Macau Baccarat Revenues Pulling Their Weight
Posted on: April 21, 2013, 05:23h.
Last updated on: April 21, 2013, 02:24h.
What’s a little H7N9 virus, or a loss of mainland China gambling junkets, when you’re Macau, the most lucrative gambling region in the world? Even dings like that, which might affect less stellar revenue-creators than the Special Administrative District that draws some of the world’s biggest whales to its casinos, have not dimmed Macau’s first quarter earnings reports, and amidst all the luscious profits, the classic casino game known as baccarat remains the kingpin that is at the front of the profit line.
First Quarter Earnings Robust
The proof is in the profits, and gross revenue figures of $10.66 billion for only January – March of this year would make anyone’s smile perk up, let alone a casino’s. Even more dazzling, those numbers represent a staggering 14.8 percent bump over the same time last year. We bet some casino bosses from Vegas are scrambling now, trying to figure out how the heck they did that hat trick.
Baccarat Is the Secret
Turns out the secret lies with the elegant, if completely luck-based, game of baccarat, long a staple of casinos everywhere, but apparently incredibly popular with Asian gamblers. When we say “incredibly,” it’s no exaggeration, because of that $10.66 billion, 91 percent of it came from the game that some say dates back to Etruscan times. In fact, according to the official Gaming Inspection and Coordination Bureau, a whopping two-thirds of that first quarter overall revenue came specifically from VIP baccarat, with a $7.3 billion take; while the balance came from “standard” baccarat, which pulled in 23 percent of the monies at $2.5 billion.
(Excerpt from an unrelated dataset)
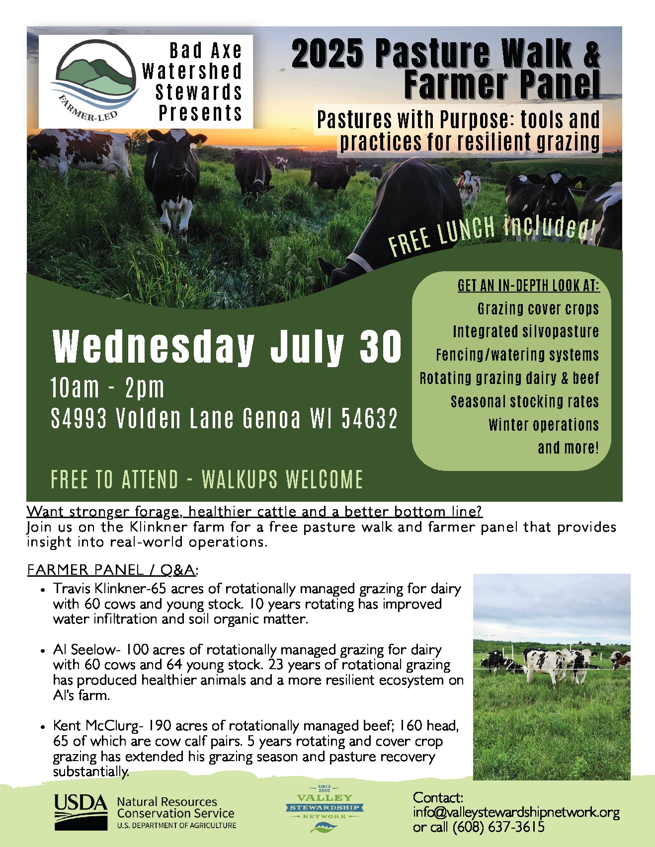 ![]() Want stronger forage, healthier cattle and a better bottom line? Join Valley Stewardship Network on the Klinkner farm for a free pasture walk and farmer panel that provides insight into real-world operations. Lunch is included! FARMER PANEL / Q&A:

Nice work if you can get it, and you can get it if you’re Macau, it seems.
Slot Machines Also Profitable
Also pulling their weight this quarter were baccarat’s much less glamorous, working plow horse of a cousin: slot machines (have you ever seen James Bond on a slot machine? We rest our case). Slots were responsible for $446 million for the quarter, which, in comparison to the Bond game, now sounds like mere chump change, but is, in fact, a pretty nice performance figure.
Bringing up the profit rear were Cussec (a variation of chuck-a-luck; we have no clue what that is either, but we’re told Cussec is very popular in Asian countries), which reaped $194 million; and then horse and dog racing, scratch cards, sports betting and Chinese lotteries.